Webb v. Railway Co.

88 Tenn. 119 | Tenn. | 1889

Polices, J.

This was an ' action by an administrator to recover damages for the killing of plaintiff’s intestate by the negligence of the employes of defendant company in the running of a train of cars.

There was a verdict and judgment for the plaintiff' in the sum of $5,500, to reverse which, after the refusal of the Circuit Judge to grant a new trial, the defendant has brought the case here on writ of error.

The declaration contained two counts, ' in the first of which the plaintiff' declares on the facts in an action on the case at common law. In the second, the right of recovery is placed upon the alleged failure of the defendant to comply with the statutory requirements set forth in § 1298 (M. & V.) Code. The Court instructed the jury with reference to the law governing the case, as made in each count, and directed them to say, in their verdict, upon which count they found, if at all, for the plaintiff.

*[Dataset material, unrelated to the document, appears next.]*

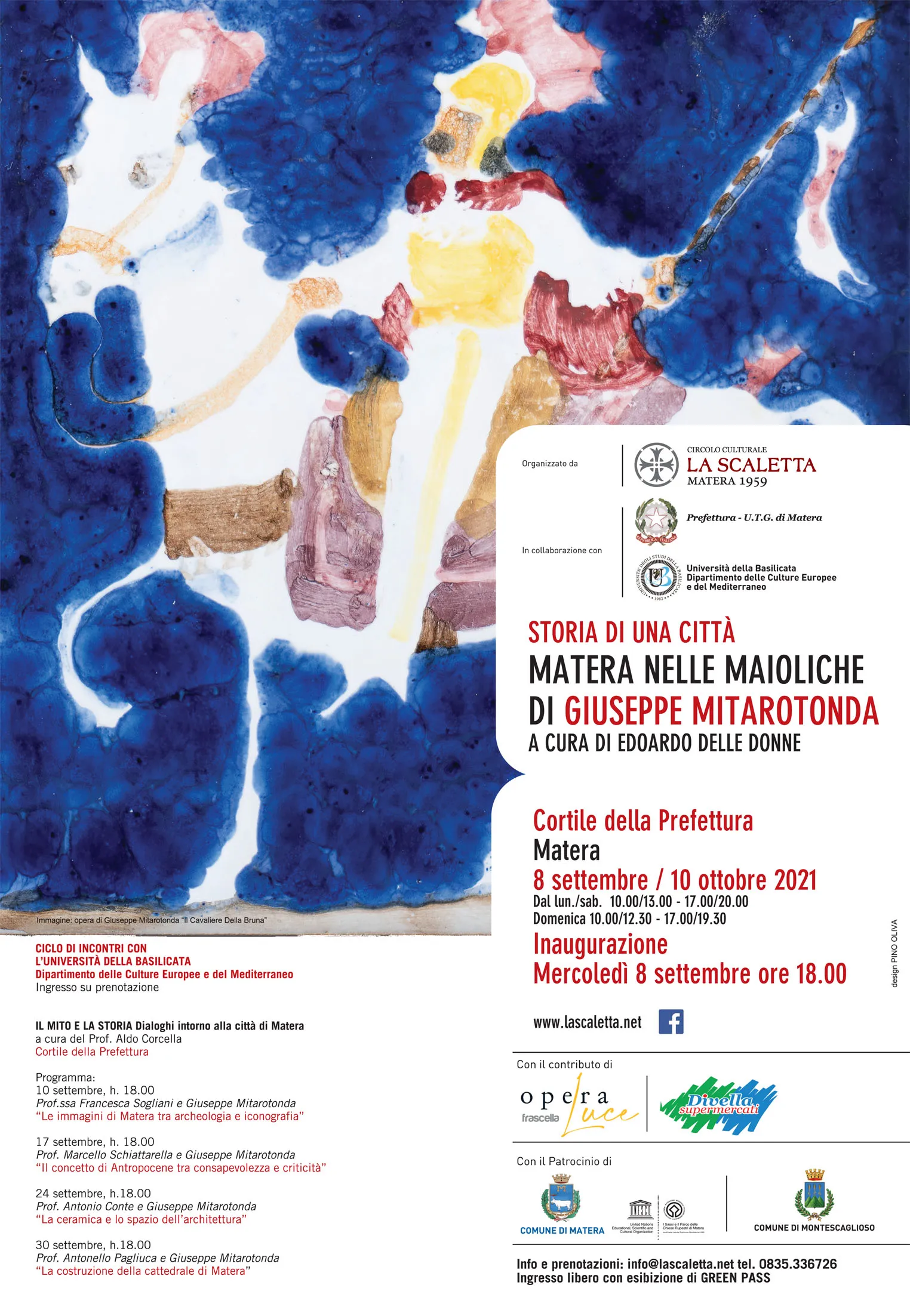 Oggi, mercoledì 8 settembre, ore 18, presso il cortile della Prefettura di Matera (Via XX Settembre, 2) sarà inaugurata la mostra, organizzata dal Circolo Culturale La Scaletta in collaborazione con la Prefettura di Matera e con il Dipartimento delle Culture europee e del Mediterraneo dell’Università della Basilicata, Storia di una città. Matera nelle maioliche di Giuseppe Mitarotonda, a cura di Edoardo Delle Donne.

In response to such instruction, the jury, as shown upon the face of the verdict, predicated the defendant’s liability upon the second count— that is, upon the failure of the company to comply with the statutory requirements.

*121Concerning the facts, it is sufficient to say that plaintiff’s intestate was killed, while on the track, by being run over by a regular train of the defendant, which was approaching the depot, in the town of Charleston, the accident occurring near the depot. There was a conflict in the proof as to whether the various provisions of the statute were complied with or not.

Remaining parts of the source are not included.